As well as individual preferences, we wish to predict the consensus by aggregating preference labels from multiple users. Individual biases of different users may affect consensus predictions, particularly when data for certain items comes from a small subset of users. The consensus could also help predict preferences of users with little or no data by favouring popular items and avoiding generally poor items. We therefore propose crowdGPPL, which jointly models the preferences of individual users as well as the underlying consensus of the crowd.

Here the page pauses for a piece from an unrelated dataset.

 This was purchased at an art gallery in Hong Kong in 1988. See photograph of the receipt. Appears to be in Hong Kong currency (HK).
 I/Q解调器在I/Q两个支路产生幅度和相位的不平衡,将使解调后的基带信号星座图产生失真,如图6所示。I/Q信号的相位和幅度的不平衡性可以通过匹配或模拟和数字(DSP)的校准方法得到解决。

Unlike previous methods for inferring the consensus, such as CrowdBT (Chen et al. 2013), we do not treat differences between users as simply the result of labelling errors, but also account for their subjective biases towards particular items.

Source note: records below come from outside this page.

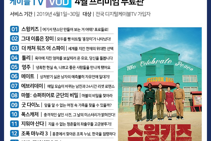 케이블TV VOD, 4월 <스윙키즈> 등 인기 VOD 13편 무료
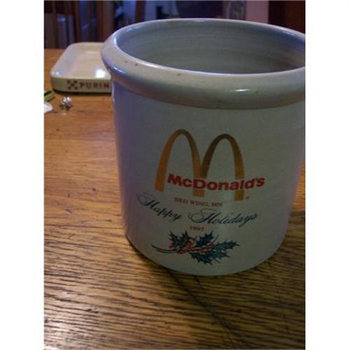 This redwing crock was made for the McDonalds resturants.This is the 1997 one and is in perfect condition.Stands 6 1/4" tall and is 6 1/2" across top.Only so many of these were made each year.Double advertising collectible.I have two more from different years I will be listing also.
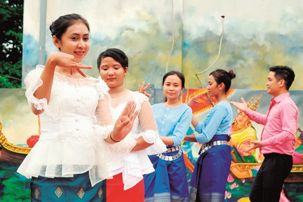 Thiếu nữ Khmer trình diễn điệu múa truyền thống tại Làng văn hóa du lịch Khmer ở xã Lương Hòa, huyện Châu Thành (Trà Vinh) – Ảnh: Phúc Thanh (chụp trước khi bị dịch)

For crowdGPPL, we represent utilities in a matrix, \(\varvec{F} \in {\mathbb {R}}^{N \times U}\), with U columns corresponding to users. Within \(\varvec{F}\), each entry \(F_{a,j} = f(\varvec{x}_a, \varvec{u}_j)\) is the utility for item a for user j with user features \(\varvec{u}_j\). We assume that \(\varvec{F} = \varvec{V}^T \varvec{W} + \varvec{t}\varvec{1^T}\) is the product of two low-rank matrices plus a column vector of consensus utilities, \(\varvec{t} \in {\mathbb {R}}^N\), where \(\varvec{W} \in {\mathbb {R}}^{C \times U}\) is a latent representation of the users, \(\varvec{V} \in {\mathbb {R}}^{C \times N}\) is a latent representation of the items, C is the number of latent components, i.e., the dimension of the latent representations, and \(\varvec{1}\) is a column vector of ones of length U. The column \(\varvec{v}_{.,a}\) of \(\varvec{V}\), and the column \(\varvec{w}_{.,j}\) of \(\varvec{W}\), are latent vector representations of item a and user j, respectively. Each row of \(\varvec{V}\), \(\varvec{v}_c=\{ v_c(\varvec{x}_1),\ldots ,v_c(\varvec{x}_N)\}\), contains evaluations of a latent function, \(v_c\sim {{\mathcal {G}}}{{\mathcal {P}}}(\varvec{0}, k_{\theta } /s^{(v)}_c)\), of item features, \(\varvec{x}_a\), where k is a kernel function, \(s^{(v)}_c\) is an inverse function scale, and \(\theta\) are kernel hyperparameters. The consensus utilities, \(\varvec{t} = \{t(\varvec{x}_1),\ldots ,t(\varvec{x}_N)\}\), are values of a consensus utility function over item features, \(t\sim {{\mathcal {G}}}{{\mathcal {P}}}(\varvec{0}, k_{\theta } /s^{(t)})\), which is shared across all users, with inverse scale \(s^{(t)}\). Similarly, each row of \(\varvec{W}\), \(\varvec{w}_c=\{w_c(\varvec{u}_1),\ldots ,w_c(\varvec{u}_U)\}\), contains evaluations of a latent function, \(w_c \sim {{\mathcal {G}}}{{\mathcal {P}}}(\varvec{0}, k_{\eta }/s_c^{(w)})\), of user features, \(\varvec{u}_j\), with inverse scale \(s_c^{(w)}\) and kernel hyperparameters \(\eta\). Therefore, each utility in \(\varvec{F}\) can be written as a weighted sum over the latent components:

$$\begin{aligned} f(\varvec{x}_a, \varvec{u}_j) = \sum _{c=1}^C v_c(\varvec{x}_a) w_c(\varvec{u}_j) + t(\varvec{x}_a), \end{aligned}$$
(5)

where \(\varvec{u}_j\) are the features of user j and \(\varvec{x}_a\) are the features of item a. Each latent component corresponds to a utility function for certain items, which is shared by a subset of users to differing degrees. For example, in the case of book recommendation, c could relate to science fiction novels, \(v_c\) to a ranking over them, and \(w_c\) to the degree of agreement of users with that ranking. The individual preferences of each user j deviate from a consensus across users, t, according to \(\sum _{c=1}^C v_c(\varvec{x}_a) w_c(\varvec{u}_j)\). This allows us to subtract the effect of individual biases when inferring the consensus utilities. The consensus can also help when inferring personal preferences for new combinations of users and items that are very different to those in the training data by accounting for any objective or widespread appeal that an item may have.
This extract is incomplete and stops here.